This tutorial shows how to leverage Polypheny’s Notebook feature to execute code and query data, and even perform a basic yet insightful analysis using Python. We’ll focus on querying the relational public.emp data source shipped with Polypheny for this tutorial.

Creating a New Notebook

Open Polypheny-UI: Navigate to the Notebooks section in the main menu.
Deploy Jupyter Server container: Make sure that the Jupyter server container is deployed. If it shows offline, click on the green Start Container Button and follow the instructions.
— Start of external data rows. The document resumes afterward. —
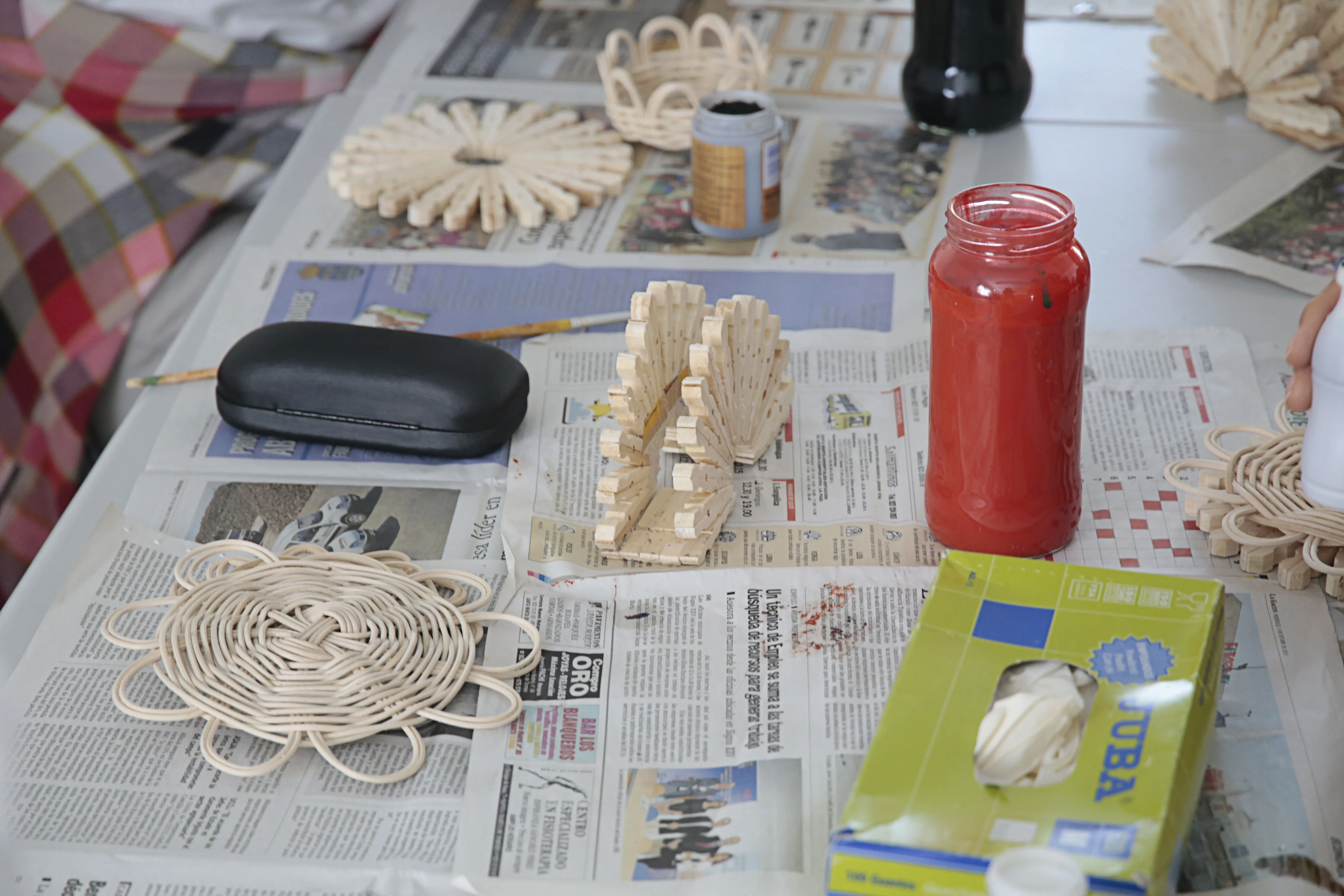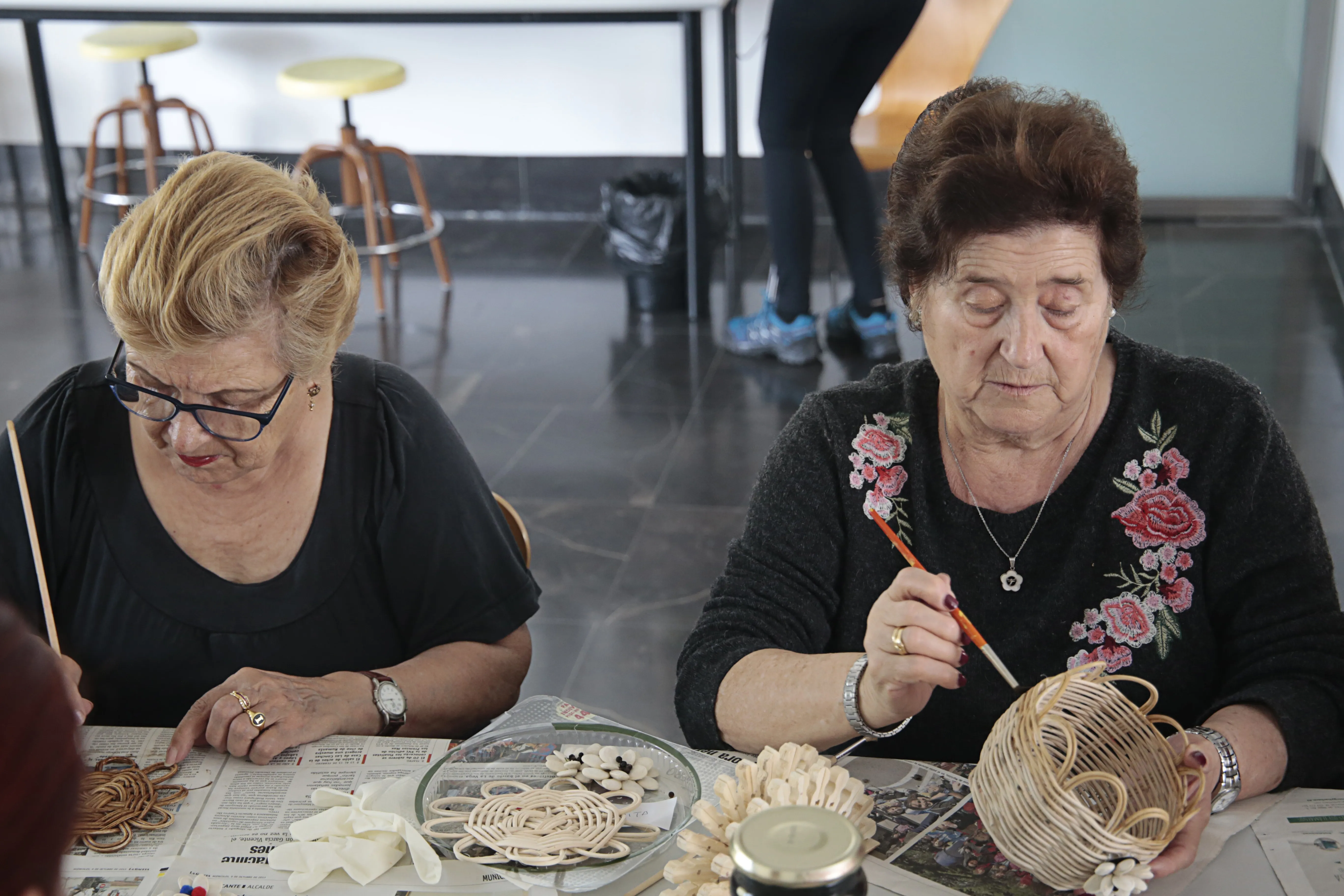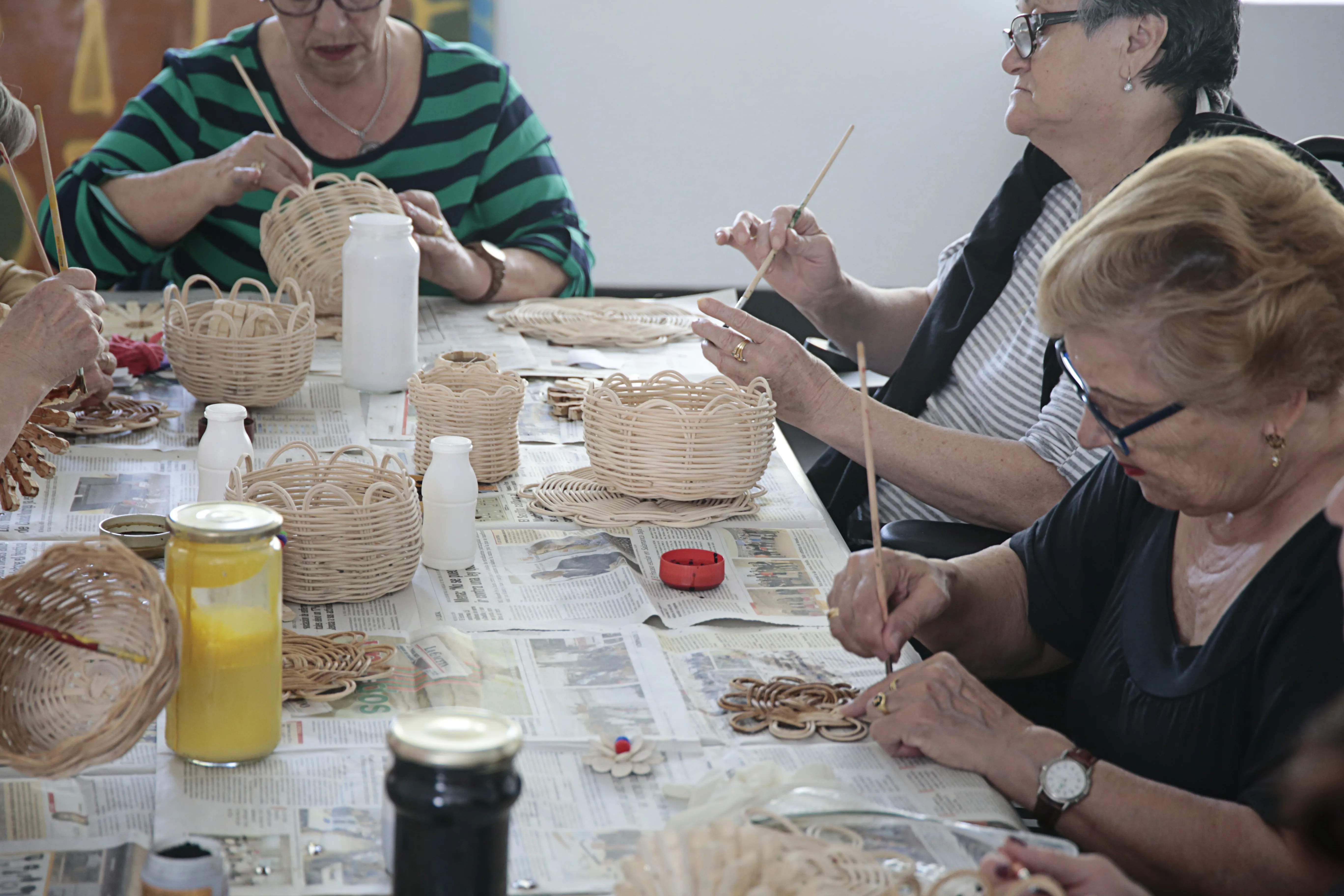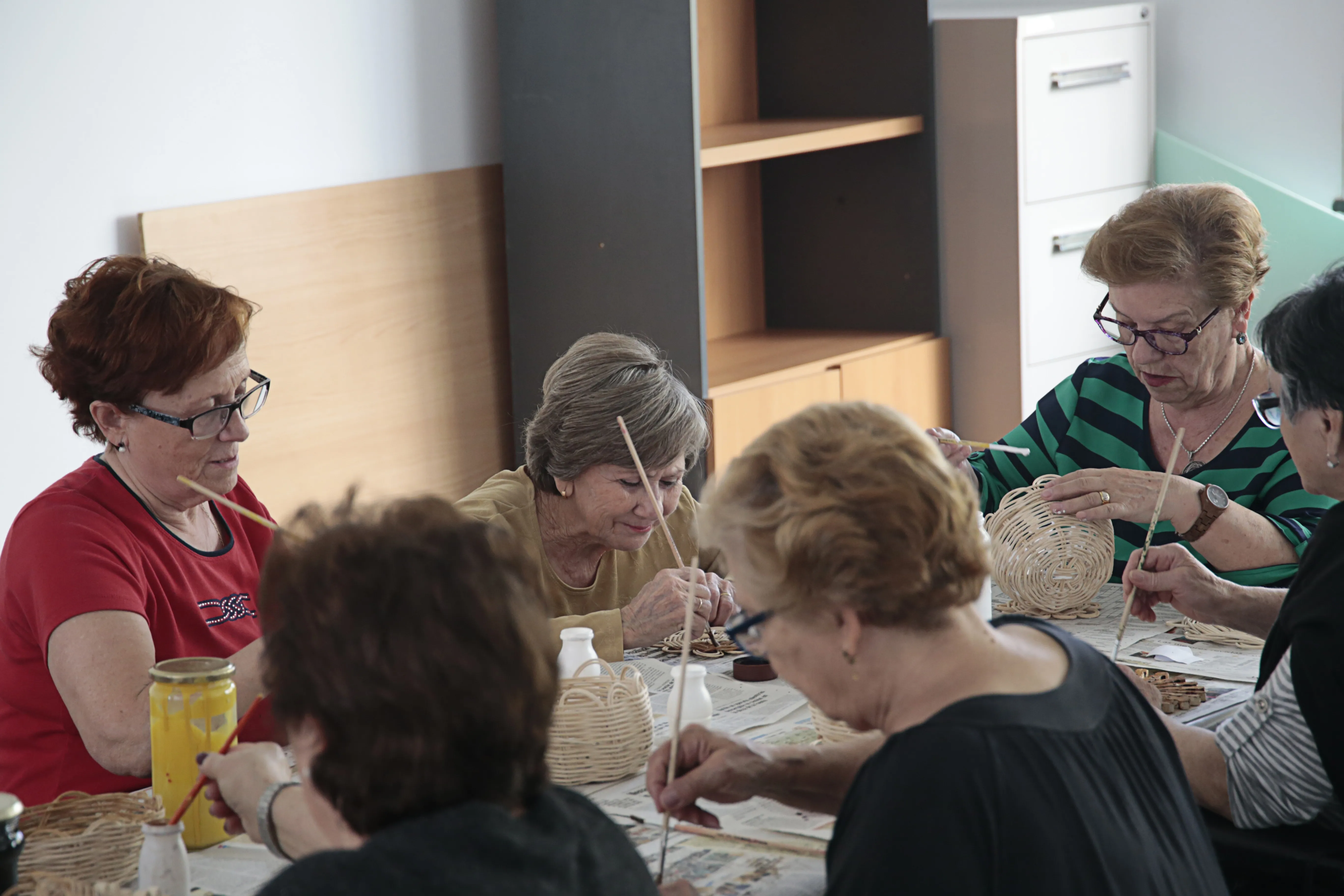 En este taller de manualidades participan alrededor de una docena de mujeres a las que se les suministra todo el material necesario para sus creaciones. Servilleteros con pinzas, prendedores con una flor hecha con pipas de calabaza, carpetas de cartón o pequeños cestos realizados con mimbre son algunos de los trabajos que las mujeres han elaborado en estos meses y que muestran con orgullo.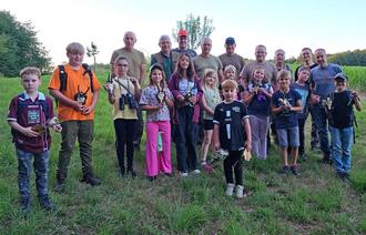 Zunächst wurden die Kinder und Eltern an der Michelsruhe in Kottweiler-Schwanden begrüßt. Nach einer kurzen Wanderung zur Jagdhütte wurde vieles über die Tiere unseres Reviers erklärt und ein vollgepackter Jagdrucksack wurde ausgepackt. Dabei konnten die Kinder viele Jagdutensilien kennenlernen. Nebenbei gab es zur Stärkung Wildbratwürste, Frikadellen und Getränke. Schließlich begleiteten die Kinder die Jäger zu den Hochsitzen wo alle viele verschiedene Tiere beobachten konnten. Nach dem Ansitz trafen sich alle noch einmal zum Austausch an der Hütte. Zum Abschluss erhielten alle Kinder ein Rehgehörn und einen Schlüsselanhänger mit einem schönen Wildmotiv zur Erinnerung. Die Kinder waren alle der Meinung, dass wir nächstes Jahr wieder am Ferienprogramm teilnehmen müssen. Die Schwimmbadkarten zur Belohnung gibt’s im Nachgang im Jugendbüro.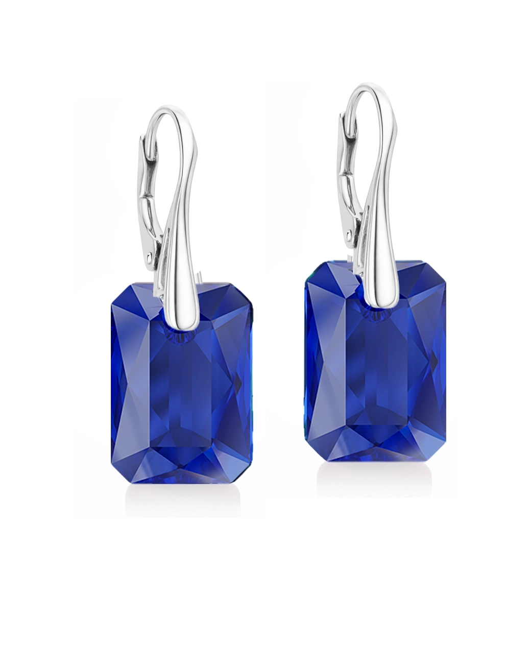 Adauga o stralucire subtila tinutei tale cu Cercei tortite leverback Emerald Cut Swarovski Crystal Sapphire 18 mm creata in atelierul Cristalia®.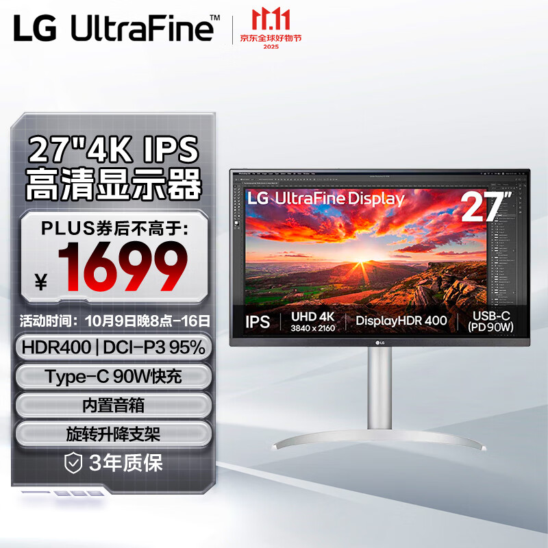 LG 27英寸4K显示器 IPS Type-C90W快充 HDR400 内置音箱 电脑显示屏 适用PS5 27UP850K
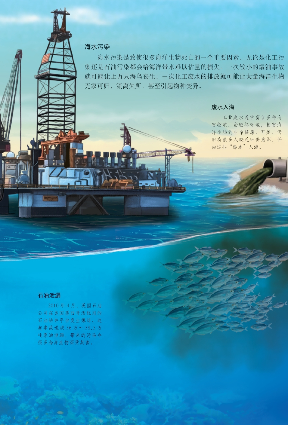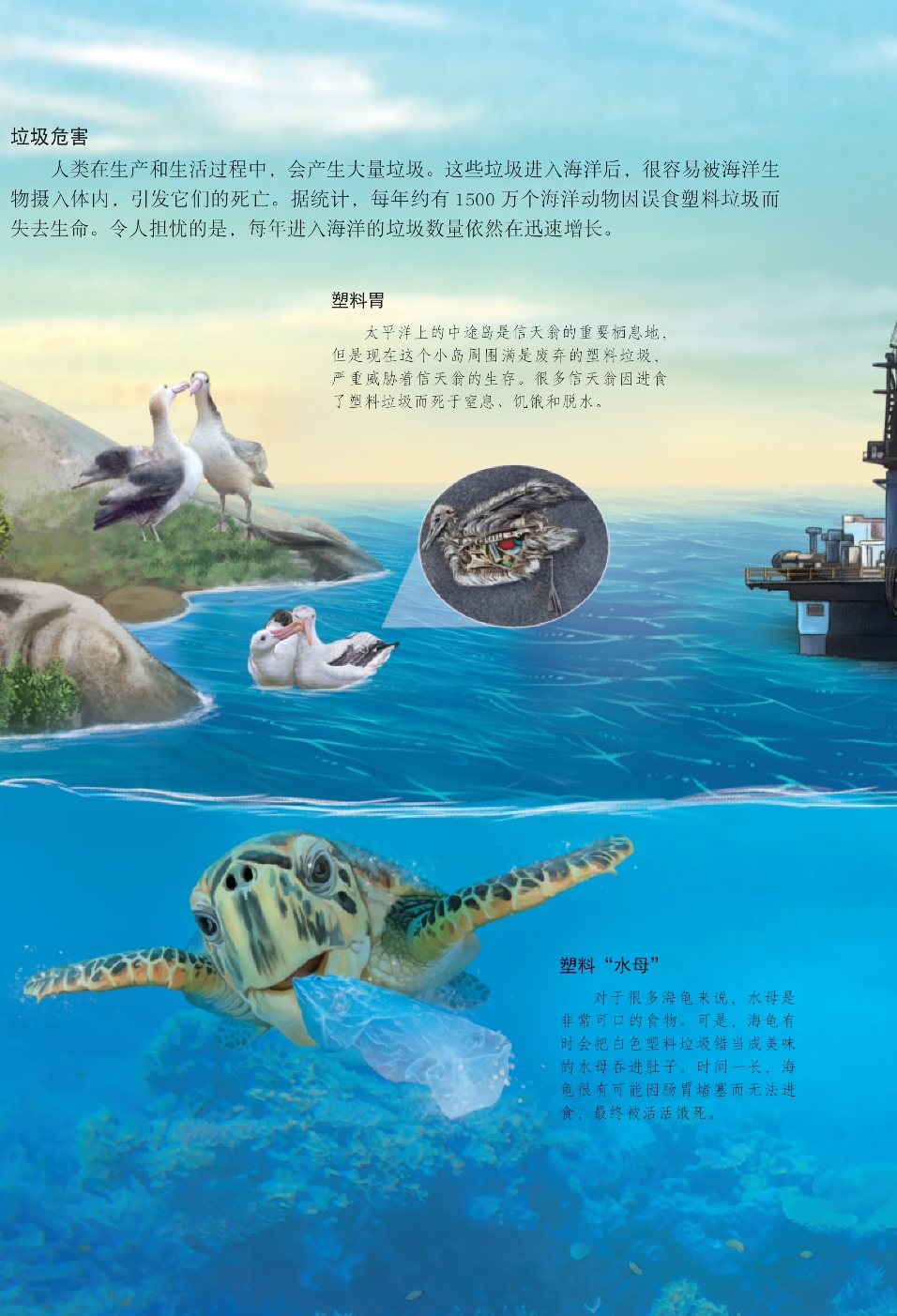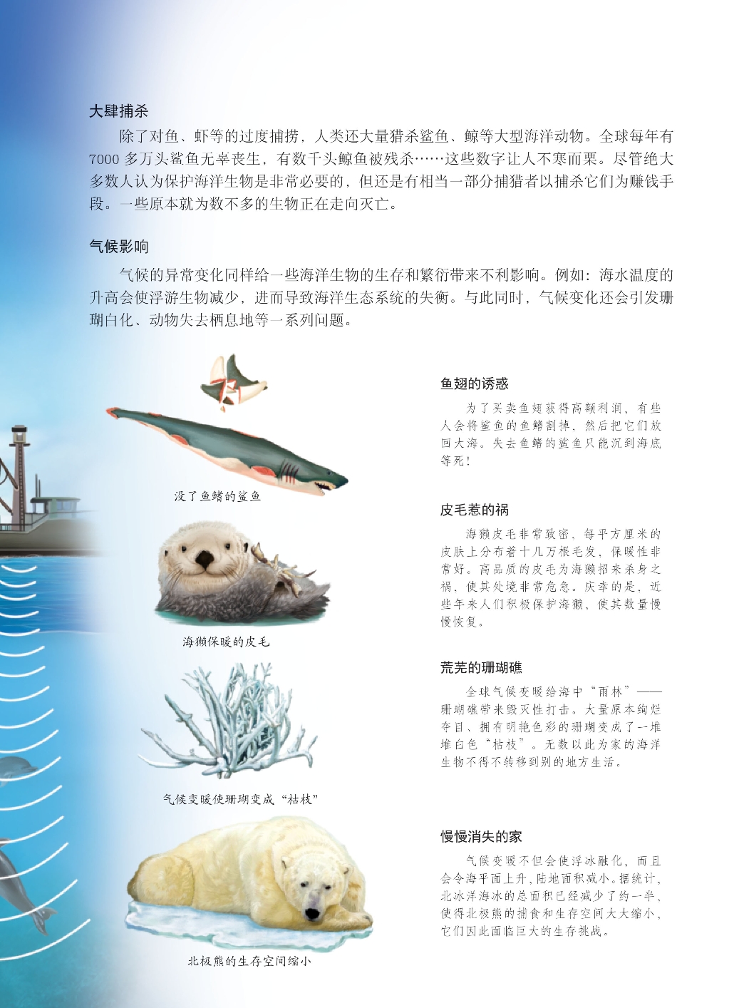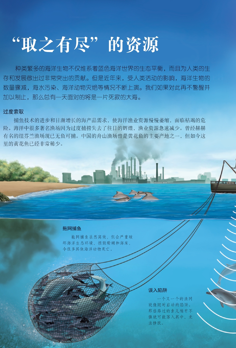 种类繁多的海洋生物不仅维系着蓝色海洋世界的生态平衡,而且为人类的生存和发展做出过非常突出的贡献。但是近年来,受人类活动的影响,海洋生物的数量骤减,海水污染、海洋动物灭绝等情况不断上演。我们如果对此再不警醒并加以制止,那么总有一天面对的将是一片死寂的大海。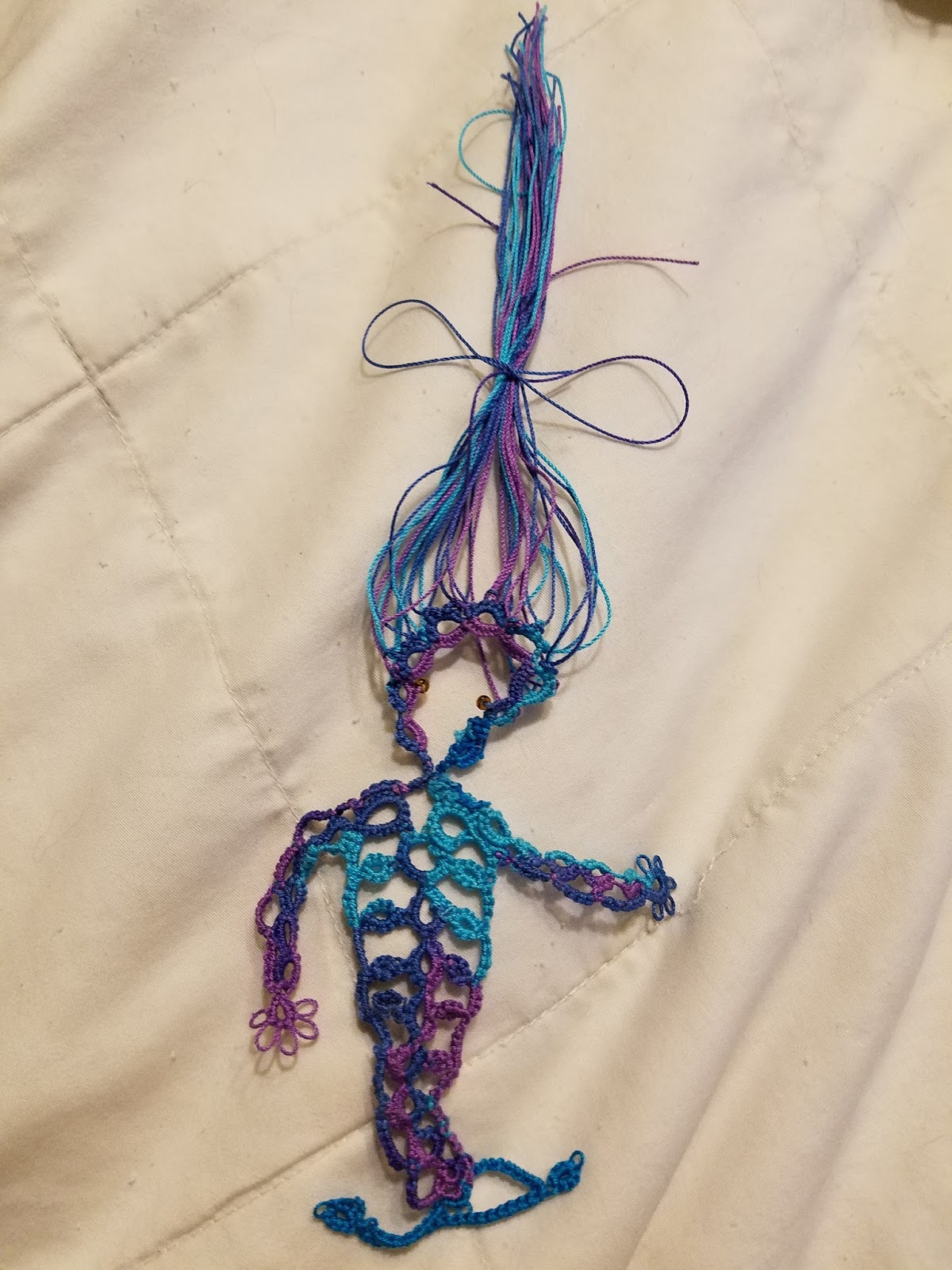 The little mermaid is tatted using Lizbeth sz 20 thread in Rainbow Taffy and her hair is embroidery thread from my stash.

Note that this requieres Docker to be setup.
Create New File: Click the + button in the left sidebar.
Name Your Notebook: Provide a unique name for your notebook.
File & Kernel Settings: Make sure the file type is set to Notebook and the kernel to Python 3 (ipykernel).
Create: Click on Create.

Congratulations, you have just set up a new notebook! This action starts up a Python kernel and immediately opens your notebook, ready for action.

Familiarizing Yourself with the UI

When your notebook opens, you’ll see a toolbar at the top and your new notebook displayed below it. By default, you have one empty code cell highlighted by a blue bar. Each cell has its own mini toolbar offering cell-related functionalities.

Markdown Introduction

Switch to Markdown: Convert the cell type to Markdown using either the notebook toolbar or the cell-specific toolbar.

Edit Markdown Cell: Click inside the cell’s editor and enter the following Markdown text:

# My First Notebook
This notebook demonstrates how to perform a simple 
analysis of some data stored in *Polypheny*.

Render Markdown: Click on the ▶ button next to the query cell to render the Markdown text.

Further information on the supported markdown syntax can be found here.

First Python Code Cell

Insert a Code Cell: Add a new code cell below your Markdown cell.
Write & Execute Code: Enter print('Hello World') and run the cell. You should see “Hello World” displayed as output.
Save Your Work: Don’t forget to save your progress by clicking on the “Save” button in the toolbar.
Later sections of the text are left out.